21. The malware detection system of claim 19, wherein the one or more processors are configured to perform the keyword extraction and processing operations by at least: performing a word frequency-inverse document frequency (TF-IDF) operation on the ASM file to extract the keyword information.

22. The malware detection system according to any of claims 19 to 21, wherein the keyword information comprises a word frequency and/or word order of the keywords.

23. The malware detection system of any of claims 19-21, the one or more processors further configured to perform text cleansing operations to facilitate the keyword extraction and processing operations.

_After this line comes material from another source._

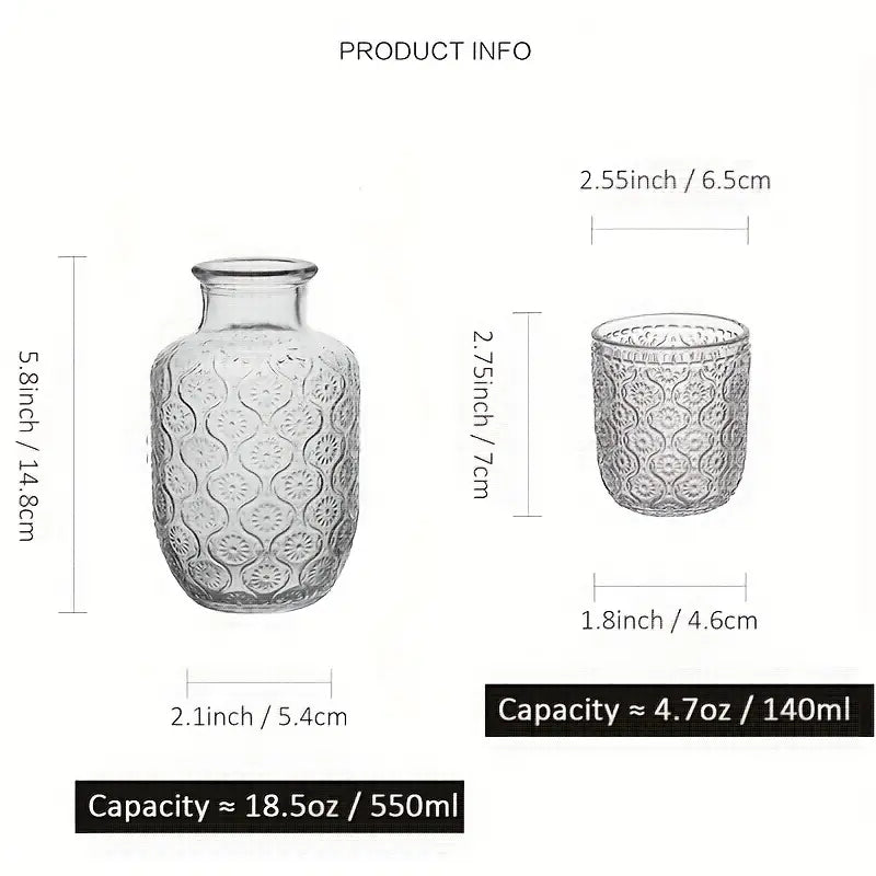 Elevate your daily routine with a Vintage Water Carafe and Glass Set, perfect for any occasion. Designed to sit gracefully on your bedroom nightstand or bedside table, this ticked glass decanter also serves as a stylish mouthwash container for your bathroom. Combining timeless elegance with practical use, it’s a must-have accessory that effortlessly keeps you refreshed and hydrated throughout the day.
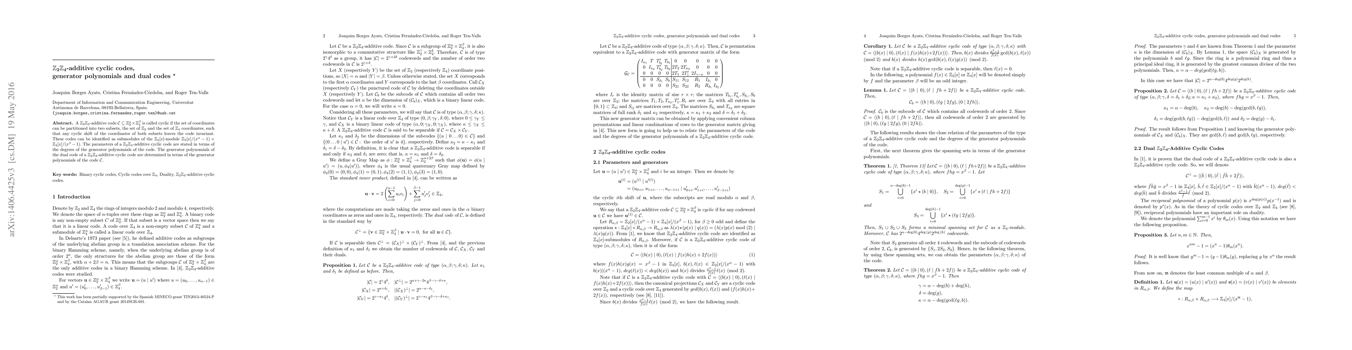 A ${\mathbb{Z}}_2{\mathbb{Z}}_4$-additive code ${\cal C}\subseteq{\mathbb{Z}}_2^\alpha\times{\mathbb{Z}}_4^\beta$ is called cyclic if the set of coordinates can be partitioned into two subsets, the set of ${\mathbb{Z}}_2$ and the set of ${\mathbb{Z}}_4$ coordinates, such that any cyclic shift of the coordinates of both subsets leaves the code invariant. These codes can be identified as submodules of the $\mathbb{Z}_4[x]$-module $\mathbb{Z}_2[x]/(x^\alpha-1)\times\mathbb{Z}_4[x]/(x^\beta-1)$. The parameters of a ${\mathbb{Z}}_2{\mathbb{Z}}_4$-additive cyclic code are stated in terms of the degrees of the generator polynomials of the code. The generator polynomials of the dual code of a ${\mathbb{Z}}_2{\mathbb{Z}}_4$-additive cyclic code are determined in terms of the generator polynomials of the code ${\cal C}$.

24. The malware detection system of any of claims 16-21, wherein the machine learning based processing model comprises a multi-classification model configured for malware determination and/or classification.

25. The malware detection system of any of claims 16-21, wherein the machine learning based processing model comprises a decision tree model configured for malware determination and/or classification.

26. The malware detection system of any of claims 16-21, wherein the machine learning based processing model comprises a LightGBM model configured for malware determination and/or classification.

27. The malware detection system of any of claims 16-21, the one or more processors further configured to:

Processing the PE file to extract information from the PE file; and

wherein the one or more processors are configured to:

28. The malware detection system of claim 27, wherein the one or more processors are further configured to process the PE file to extract information at least by performing URL and/or path information extraction and processing operations comprising:

29. The malware detection system of claim 27, wherein the one or more processors are further configured to process the PE file to extract information at least by performing URL and/or path information extraction and processing operations comprising:

performing a word frequency-inverse document frequency (TF-IDF) operation based on the extracted URL and/or path information to obtain word-document information;

30. The malware detection system of claim 28, wherein the one or more processors are further configured to perform a text cleansing operation to facilitate extraction of the URL and/or path information.